Smith v. Jefferson County Commission et al
Filing
115
ORDER granting in part and denying in part 85 Motion to Compel; granting in part and denying in part 90 Motion to Compel. Objections due 1/26/12. Signed by Magistrate Judge James E. Seibert on 1/12/12. (njz)

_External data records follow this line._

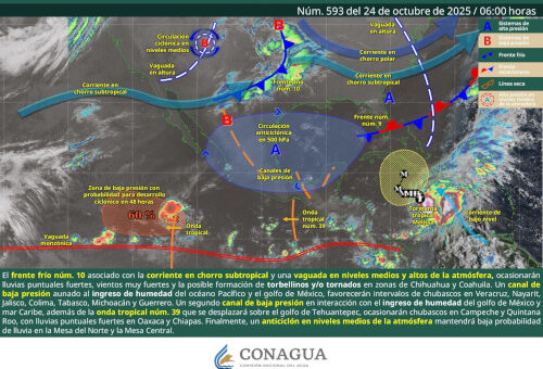 Saltillo, Coahuila de Zaragoza; a 24 de octubre de 2025. – La Secretaría de Gobierno, a través de la Subsecretaría de Protección Civil del Estado, informa que el Frente Frío número 10 recorrerá el norte del país, asociado con la corriente en chorro subtropical, ocasionarán lluvias puntuales fuertes en la Región Norte de Coahuila, así como rachas de viento de 65 a 80 km/h y posibles torbellinos y/o tornados en el noroeste del Estado.
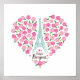Este diseño tiene un símbolo en forma de corazón con flores rosas y la Torre Eiffel.
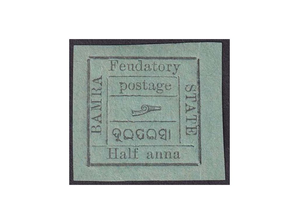 IIa, (*)Poštovní známka, Indie, Bamra, 1890, 1/2 A černá/zelená, MiNr.8IIa, (*)
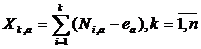 Находим элементы временного ряда накопленных отклонений (Xk,a) от
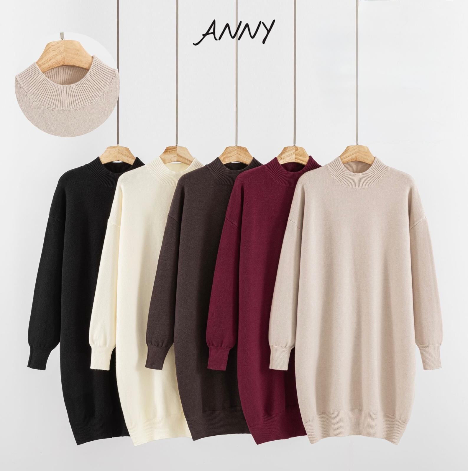Trendy šatovka z příjemného úpletu se stojáčkem. Šatovka má stojáček a zakončení na rukávech a spodní lem z žebrovaného úpletu.

IN THE UNITED STATES DISTRICT COURT
FOR THE NORTHERN DISTRICT OF WEST VIRGINIA
LESLIE D. SMITH,
Plaintiff,
v.
Civil Action No. 3:10-cv-106
JEFFERSON COUNTY COMMISSION,
a public body, CAROLYN WIDMYER,
President, PATRICIA A. NOLAND, Vice
President, C. DALE MANUEL, Commissioner,
JAMES T. SURKAMP, Commissioner, and
FRANCES B. MORGAN, Commissioner,
Defendants.
ORDER GRANTING IN PART AND DENYING IN PART PLAINTIFF’S MOTION TO
COMPEL TESTIMONY OF COMMISSIONERS MANUEL, NOLAND AND
ATTORNEY DAVID HAMMER AND GRANTING IN PART AND DENYING IN PART
PLAINTIFF’S AMENDED MOTION TO COMPEL TESTIMONY OF ATTORNEY
DAVID HAMMER
This matter comes before the Court on Plaintiff’s Motion to Compel Testimony of
Commissioners Manuel, Noland and Attorney David Hammer1 and on Plaintiff’s Amended
Motion to Compel Testimony of Attorney David Hammer.2 The Court held an evidentiary
hearing and argument on Plaintiff’s motions on January 11, 2012. Plaintiff appeared by Nathan
P. Cochran, Esq., by telephone, and Peter L. Chakmakian, Esq., by telephone. Defendant
Jefferson County Commission and Defendants Carolyn Widmyer, James T. Surkamp, and
Frances B. Morgan appeared by A. Neal Barkus, Esq., by telephone. Defendants Patricia A.
Noland and C. Dale Manuel appeared by Michael D. Lorensen, Esq. No other testimony was
1
Dkt. No. 85.
2
Dkt. No. 90.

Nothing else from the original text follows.